The effect of particle acidity on the chemical composition of $\mathit{\alpha }$-pinene SOA in high- and low-NO${}_x$ experiments is examined from the distribution of organic fragments in the high-resolution organic aerosol mass spectra (see Fig. S2). The average fractions of organic fragment groups in the organic aerosol mass spectra for particles of different acidity are shown in Fig. 6. C${}_x$H${}_y^{+}$ fragments (accounted for 41–44 % of total signal) dominated the organic aerosol mass spectra, followed by C${}_x$H${}_y$O${}_{\mathrm{1}}^{+}$ (33–35 %) and C${}_x$H${}_y$O${}_{\mathrm{2}}^{+}$ (16–17 %) fragments for experiments with varied particle acidity under high-NO${}_x$ conditions (Fig. 6a). In contrast, C${}_x$H${}_y$O${}_{\mathrm{1}}^{+}$ (39–40 %) was the most dominant organic fragment, followed by C${}_x$H${}_y^{+}$ (33–36 %) and C${}_x$H${}_y$O${}_{\mathrm{2}}^{+}$ (17–19 %) fragments under low-NO${}_x$ conditions (Fig. 6b). An increase in the fractions of oxygenated fragments (C${}_x$H${}_y$O${}_{\mathrm{1}}^{+}$ and C${}_x$H${}_y$O${}_{\mathrm{2}}^{+})$ and a decrease in the fraction of hydrocarbon fragments (C${}_x$H${}_y^{+})$ were observed under low-NO${}_x$ conditions compared to those of high-NO${}_x$ conditions. Also, lower O $/$ C ratios of $\mathit{\alpha }$-pinene SOA were observed under high-NO${}_x$ conditions (0.52–0.56, averaged at the irradiation time of 1–6 h) compared to those under low-NO${}_x$ conditions (0.61–0.64, averaged at the irradiation time of 2–12 h). This indicates that less oxygenated $\mathit{\alpha }$-pinene SOA was formed in the presence of high NO${}_x$ despite the fact that oxidants (i.e., OH and O${}_{\mathrm{3}})$ levels were higher during the high-NO${}_x$-containing experiments (see Table 1 and Fig. 1).

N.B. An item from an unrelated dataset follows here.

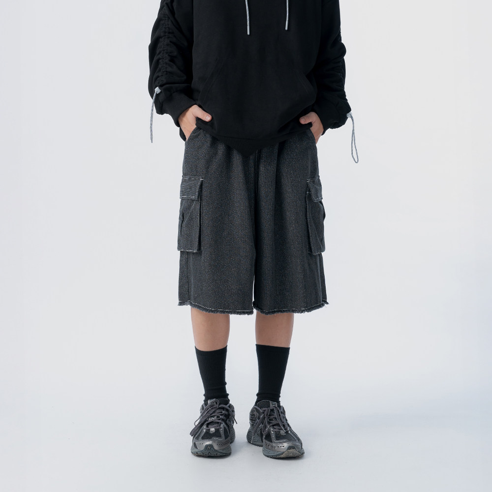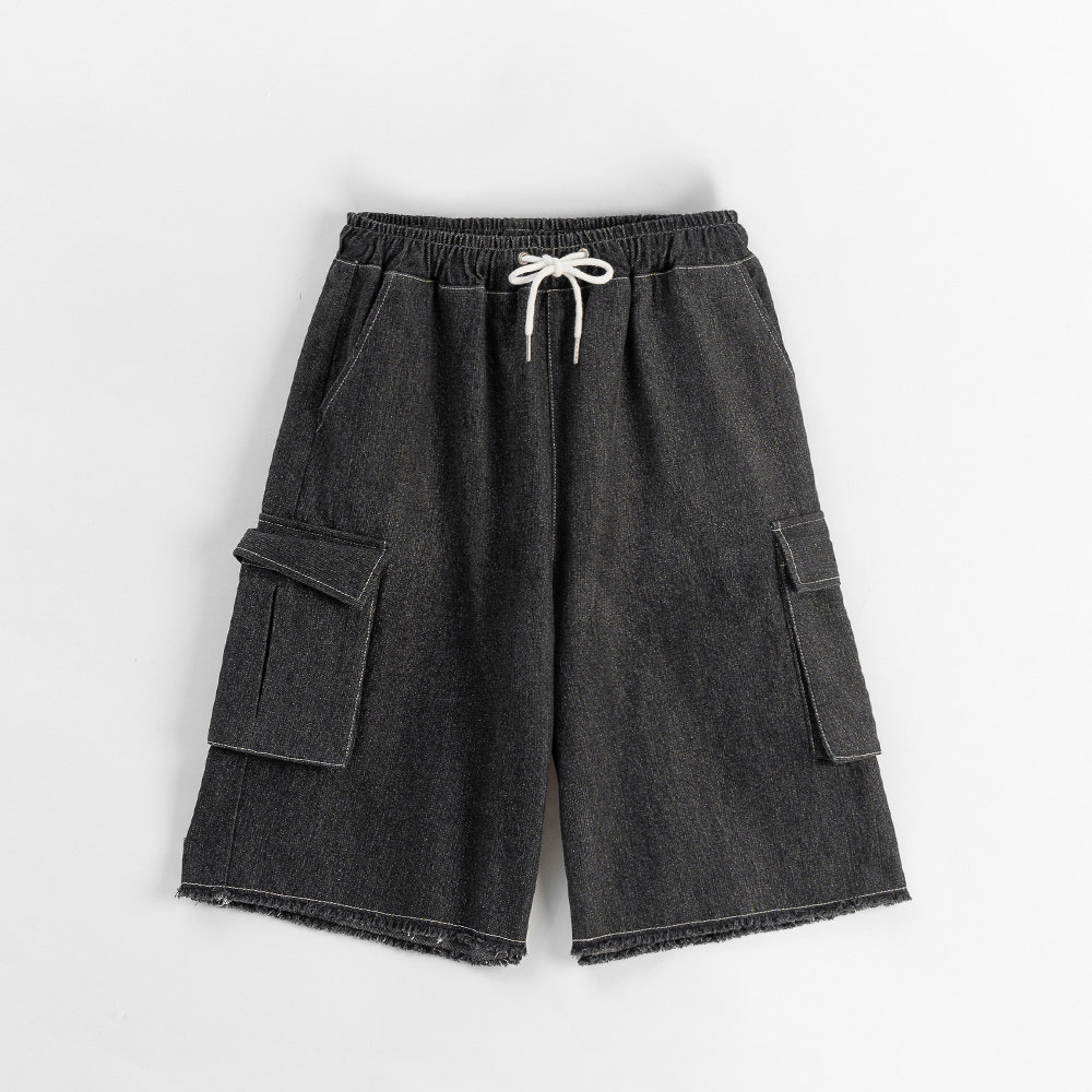 QUEENSHOP 2025秋冬户外休闲配色压线抽绳大口袋牛仔短裤04101993

The mass fractions of organic fragment groups in total organic aerosols under (a) high- and (b) low-NO${}_x$ conditions. The organic mass spectra were averaged for the irradiation times of 1–6 and 2–12 h under high- and low-NO${}_x$ conditions, respectively. The bars represent the standard deviations ($\pm$1$\mathit{\sigma }$) of the mean values for individual fragment groups.

[Figure omitted. See PDF]

The dependence of chemical composition and oxidation state of $\mathit{\alpha }$-pinene SOA on NO${}_x$ level is most likely associated with the different oxidation products from gas-phase chemistry of RO${}_{\mathrm{2}}$. For instance, peroxynitrates and organic nitrates formed from the chemical reaction of RO${}_{\mathrm{2}}$ and NO${}_x$ are the dominant products under high-NO${}_x$ conditions, whereas organic peroxides and acids formed from RO${}_{\mathrm{2}}$ with HO${}_{\mathrm{2}}$ are dominant under low-NO${}_x$ conditions (Xia et al., 2008). Note that the observed variations in organic fragments in Fig. 6 generally represent those over the whole photooxidation period in each experiment, since the individual mass spectrum of $\mathit{\alpha }$-pinene SOA did not change significantly with irradiation time, as illustrated by the small standard deviations of individual fragment groups.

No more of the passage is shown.